How Do We Go On?

Numbers 21:4–9, I John 3:14–21, preached by Rev. Jane McBride on March 10, 2024

The tension and drama in today’s passage from Numbers doesn’t just come out of the blue. After leaving slavery in Egypt, the people have been wandering in the desert for more than forty years. Imagine, forty years of hunger and thirst, heat and cold, diseases and exhaustion. Forty years of eating flaky white stuff. Poisonous snakes were just one more deadly threat. Many, many people had died along the way. The first generation that left Egypt was almost gone. Along the way, babies had been born and children had grown up.            

I feel kinship with the Israelites in the desert. Not their literal situation, but the way I imagine this time felt in their bodies and spirits. The frustration and helplessness of not having a timeline for resolution, not knowing when, or if, a better day would ever come. The exhaustion of living in crisis mode, coping with endless cycles of hope and despair. The feeling of being stuck and powerless. How do we go on through our desert seasons?

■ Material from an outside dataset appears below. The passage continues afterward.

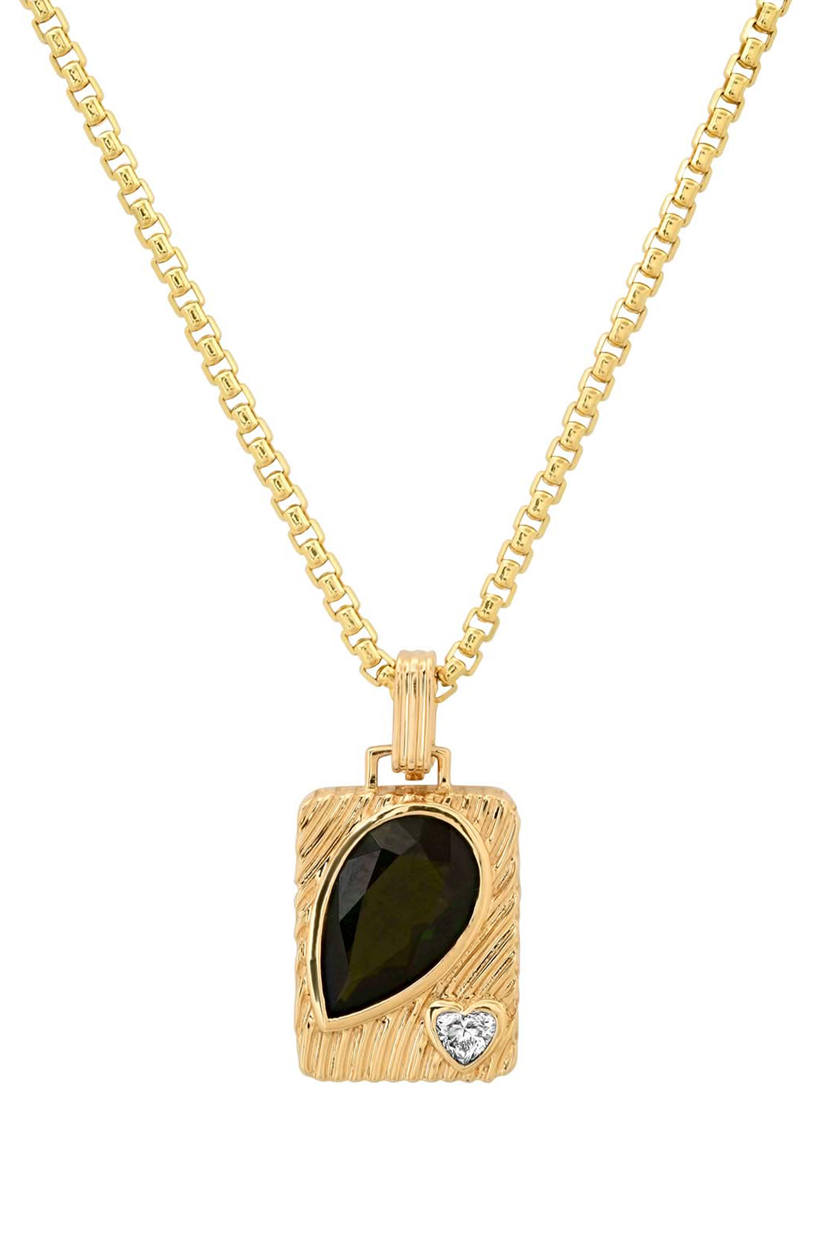 The ripple heart amulet is crafted in 14k gold featuring our rippled texture and set with a vibrant hand cut pear gemstone and heart diamond.

Desert times naturally bring up trust issues. The Israelites’ impatience and rebellion expressed a breakdown of relationship. The people had lost faith in Moses’ ability to lead them and God’s capacity to care for them. The storyteller believed that God sent the snakes. I think the snakes were just there, one of many dangers in the wilderness. The snakes triggered deep, difficult questions about God. If God is not rescuing us from this evil situation, who is God? What good is a God who doesn’t save us from danger and death?  

The word translated “poisonous serpents” also appears in the book of Isaiah, and refers to seraphs: burning, supernatural snake-like creatures that guard God’s throne.[1] In chapter 6, Isaiah describes the vision that called him to become a prophet: Seraphs were in attendance above God; each had six wings: with two they covered their faces, and with two they covered their feet, and with two they flew. And one called to another and said: ‘Holy, holy, holy is the Lord of hosts the whole earth is full of God’s glory.’” (Isaiah 6:1–3) In the presence of God’s holiness, Isaiah felt lost, unworthy and guilty. One of the seraphs flew to the prophet and touched his mouth with a burning coal—not to harm or punish him, but to purify his lips, and to put into his mouth the divine message.

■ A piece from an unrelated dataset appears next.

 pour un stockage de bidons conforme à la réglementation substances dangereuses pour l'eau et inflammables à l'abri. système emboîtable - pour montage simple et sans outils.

I wonder if the ritual of raising the serpent (or seraph) on the pole fulfilled a similar function. The people looked directly at what was harming them. They gazed squarely at the threat of death. They confronted their hard questions about whether or not they could trust God and Moses and their future as a people. And they acknowledged their fear, despair, and exhaustion. In this process of this truth-telling, they experienced God’s healing. They discovered a God who loved them not by rescuing them from present and future danger, or by giving them timelines or guarantees, but by accompanying them faithfully through it all. They were touched by the seraph’s burning coal that energized and activated them, that empowered them to go on through adversity.

The Gospel writer, John, compares Jesus on the cross to the serpent lifted up in the wilderness. We Protestants tend to gravitate toward empty crosses, as opposed to the Catholic reverence of the cross with the body of Jesus on it. Perhaps that is unfortunate. What I hear the Gospel writer saying is that we must look at the pain in this world, summed up by the image of Jesus on the cross. We must tell the truth about empire’s ways of silencing, exploiting, and torturing the vulnerable—and our complicity in this abuse. Looking at this difficult reality we will also see in the open arms of Jesus, the unequivocal expression of God’s love for the whole world. This divine compassion will heal us, calling forth our voices and empowering us to resist and persist.

In a few minutes, Tim Danz will offer a reflection about our reparations work as a congregation. And after worship today, we’ll have a chance to hear more about the Indian Recovery Act. Even now some folks refuse to use the word “genocide” to describe what white ancestors did to native peoples in this country. Or to acknowledge that white people and institutions amassed wealth through the theft of enslaved Africans’ labor and lives. The consequence of our collective inability to name what is true keeps our wounds from healing. We can’t mend what we won’t look at. And so the suffering goes on. We continue to bear the deep, festering spiritual injury which is made manifest in our lack of trust in God, in each other, in our leaders, and in our future as a people. The question before us is, what sort of ancestors do we want to be?

The same dynamic is at work in events unfolding in Gaza. It is time to clearly name what the Netanyahu government is doing as genocide. And to recognize that our tax dollars are funding this genocide. This genocide is harming everyone, including the Israeli people. As long as this horror continues, hostages yet to be returned, Hamas will not be defeated, disarmed, or discredited. And peace and safety will be impossible for both sides.

Friends, Lent is a time to engage in spiritual practice that creates space within ourselves to look at hard truths rather than avoiding them. What are the snakes threatening you, eroding your trust in God and community?It’s inspiring and moving to me to get a glimpse, through the Lenten covenants and our small group gatherings and everyday conversations, of all the ways we as a congregation are confronting our wounds, seeking healing, finding our voices, and taking action to become the sort of ancestors this world needs. Together, trusting in our God of compassion and liberation, let us go on. Amen.